=== Section Start ===
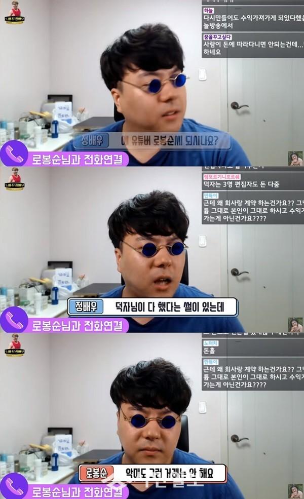 정배우는 20일 자신의 유튜브 채널 '정배우JungTube'를 통해 ACCA 에이전시 대표 BJ 턱형과 소속 BJ들간의 부당 계약 의혹과 관련해 BJ 로봉순과의 전화연결을 시도해 다양한 이야기를 나눴다.
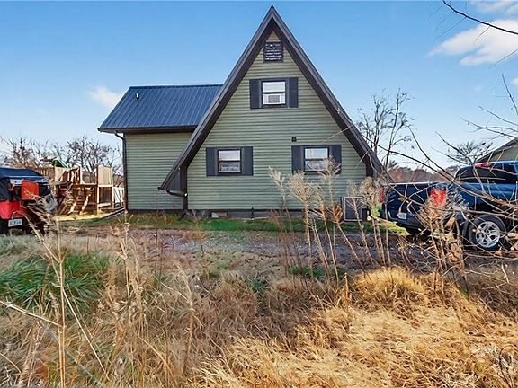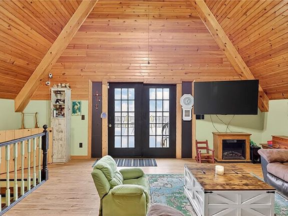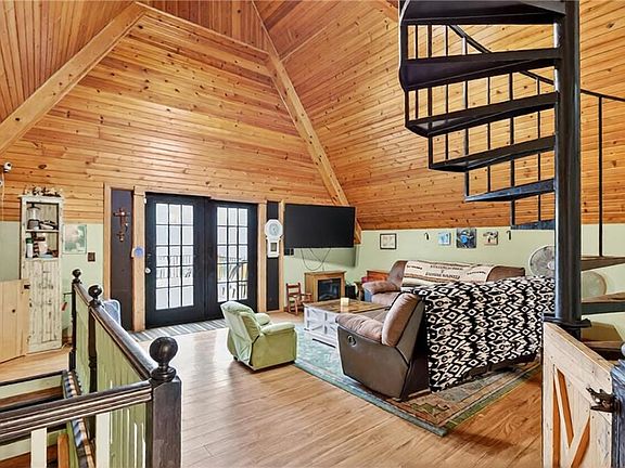 Experience A-frame charm combined with modern improvements across this 1.9-acre property that includes a full guest house and inviting outdoor amenities. A great setup for multi-generational living or extra space. Located in a convenient rural corridor between Nevada, Missouri and Fort Scott, Kansas. The primary A-frame style home, built in 1992, offers 1,484 sq. ft. with a warm and inviting loft layout. As you enter, you’re greeted by a striking vaulted wood ceiling and an open living space filled with natural light. The kitchen sits just off the living room and includes updated appliances, making daily living and entertaining a breeze.
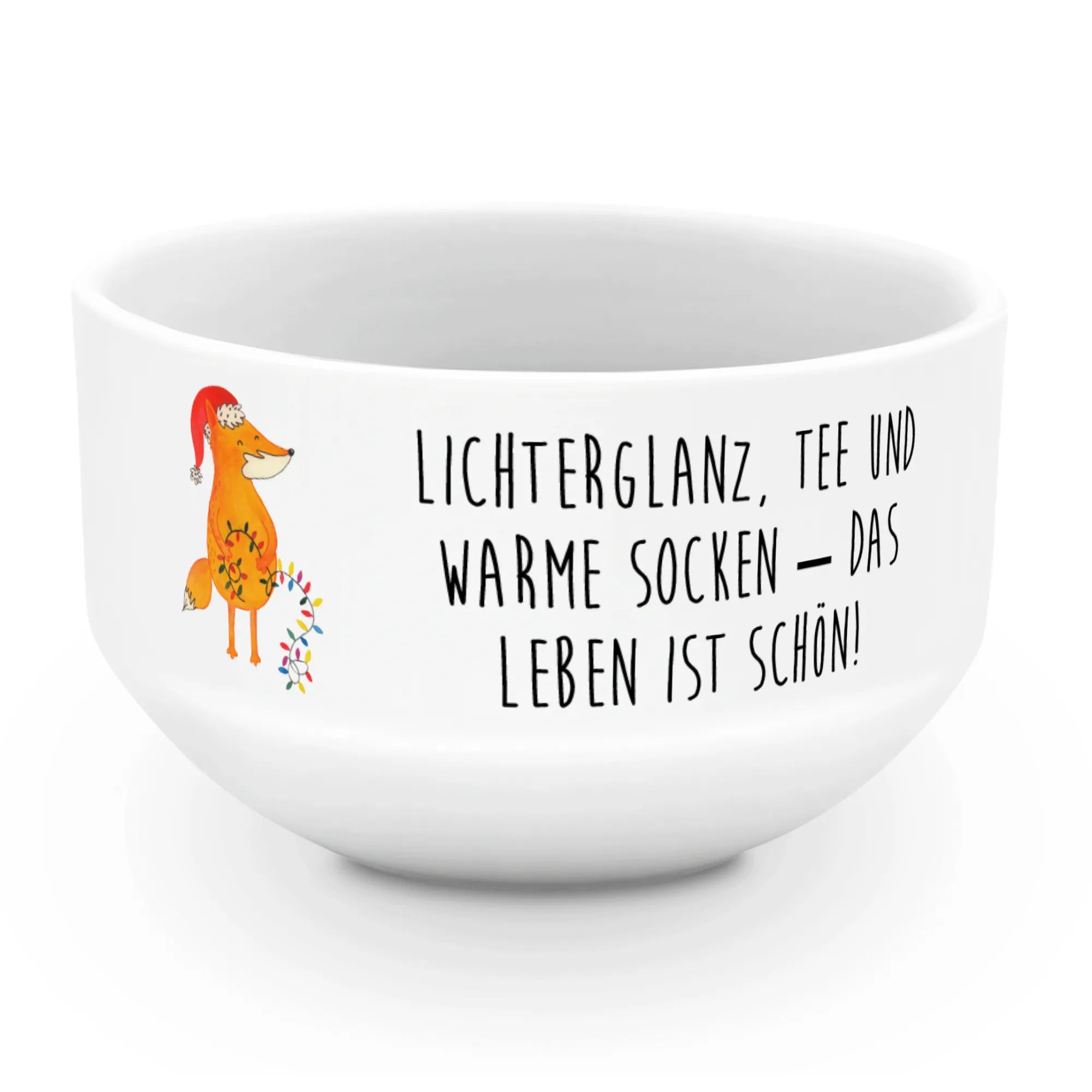 Der Spruch 'Lichterglanz, Tee und warme Socken – das Leben ist schön!' fügt eine fröhliche Note hinzu und macht die Schale zu einem perfekten Geschenk für deine Liebsten. Ob als Weihnachtsgeschenk für Familie und Freunde oder um dir selbst eine Freude zu machen, diese schöne Müslischale ist genau das richtige.
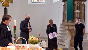 Die Konfirmanden Julian Schwarz und Max Jaufmann trugen die Lesung aus dem achten Kapitel des Markusevangeliums über die Speisung der 4000 vor. Den Psalm 138 sprach die Gemeinde in der gut besuchten Kirche gemeinsam. „Wir wollen Gott danken für das, was in seiner Schöpfung an Schönem und Lebendigem, an Befreiendem und Ermutigendem hervorgebracht worden ist“, sagte Reinhard Lohmeyer.
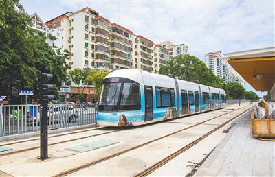 6月12日,有軌電車(chē)行駛在三亞市金雞嶺街路段。據(jù)悉,三亞有軌電車(chē)示范線項(xiàng)目全長(zhǎng)約8.37公里,連接三亞市中心和三亞火車(chē)站、三亞汽車(chē)站。目前解放路至育秀路全長(zhǎng)3.5公里的路段,聯(lián)調(diào)聯(lián)試已進(jìn)入尾聲。系統(tǒng)聯(lián)調(diào)聯(lián)試完成后,還將進(jìn)行不少于3個(gè)月的空載試運(yùn)行,在試運(yùn)行達(dá)到相關(guān)標(biāo)準(zhǔn)要求后,即可開(kāi)通試運(yùn)營(yíng)。
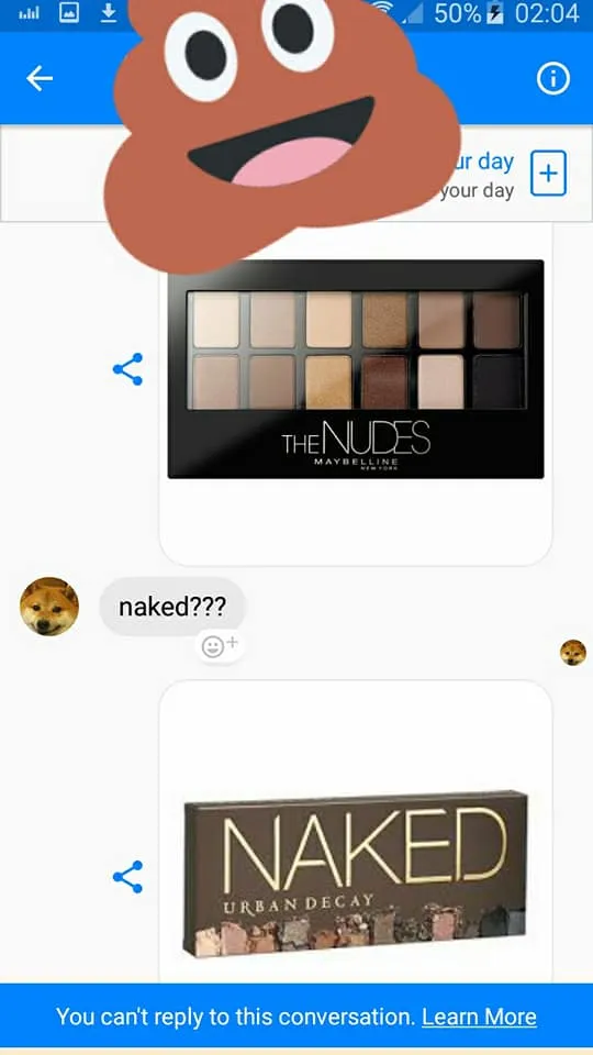 Undeterred, the guy kept pushing, writing: “lol I meant like nudes.” “Oh! Of course,” Nicole responded, along with a snapshot of Maybelline’s The Nudes eye shadow palette. But the clueless dude still wasn’t giving up, replying, “naked???” to which she sent a pic of Urban Decay’s Naked palette. LOL!
=== Section End ===
• **What you are asked to do**:
The task calls for every record to be transcribed exactly, with no images included.

• **Response to this exercise**:
 정배우는 20일 자신의 유튜브 채널 '정배우JungTube'를 통해 ACCA 에이전시 대표 BJ 턱형과 소속 BJ들간의 부당 계약 의혹과 관련해 BJ 로봉순과의 전화연결을 시도해 다양한 이야기를 나눴다.
 Experience A-frame charm combined with modern improvements across this 1.9-acre property that includes a full guest house and inviting outdoor amenities. A great setup for multi-generational living or extra space. Located in a convenient rural corridor between Nevada, Missouri and Fort Scott, Kansas. The primary A-frame style home, built in 1992, offers 1,484 sq. ft. with a warm and inviting loft layout. As you enter, you’re greeted by a striking vaulted wood ceiling and an open living space filled with natural light. The kitchen sits just off the living room and includes updated appliances, making daily living and entertaining a breeze.
 Der Spruch 'Lichterglanz, Tee und warme Socken – das Leben ist schön!' fügt eine fröhliche Note hinzu und macht die Schale zu einem perfekten Geschenk für deine Liebsten. Ob als Weihnachtsgeschenk für Familie und Freunde oder um dir selbst eine Freude zu machen, diese schöne Müslischale ist genau das richtige.
 Die Konfirmanden Julian Schwarz und Max Jaufmann trugen die Lesung aus dem achten Kapitel des Markusevangeliums über die Speisung der 4000 vor. Den Psalm 138 sprach die Gemeinde in der gut besuchten Kirche gemeinsam. „Wir wollen Gott danken für das, was in seiner Schöpfung an Schönem und Lebendigem, an Befreiendem und Ermutigendem hervorgebracht worden ist“, sagte Reinhard Lohmeyer.
 6月12日,有軌電車(chē)行駛在三亞市金雞嶺街路段。據(jù)悉,三亞有軌電車(chē)示范線項(xiàng)目全長(zhǎng)約8.37公里,連接三亞市中心和三亞火車(chē)站、三亞汽車(chē)站。目前解放路至育秀路全長(zhǎng)3.5公里的路段,聯(lián)調(diào)聯(lián)試已進(jìn)入尾聲。系統(tǒng)聯(lián)調(diào)聯(lián)試完成后,還將進(jìn)行不少于3個(gè)月的空載試運(yùn)行,在試運(yùn)行達(dá)到相關(guān)標(biāo)準(zhǔn)要求后,即可開(kāi)通試運(yùn)營(yíng)。
 Undeterred, the guy kept pushing, writing: “lol I meant like nudes.” “Oh! Of course,” Nicole responded, along with a snapshot of Maybelline’s The Nudes eye shadow palette. But the clueless dude still wasn’t giving up, replying, “naked???” to which she sent a pic of Urban Decay’s Naked palette. LOL!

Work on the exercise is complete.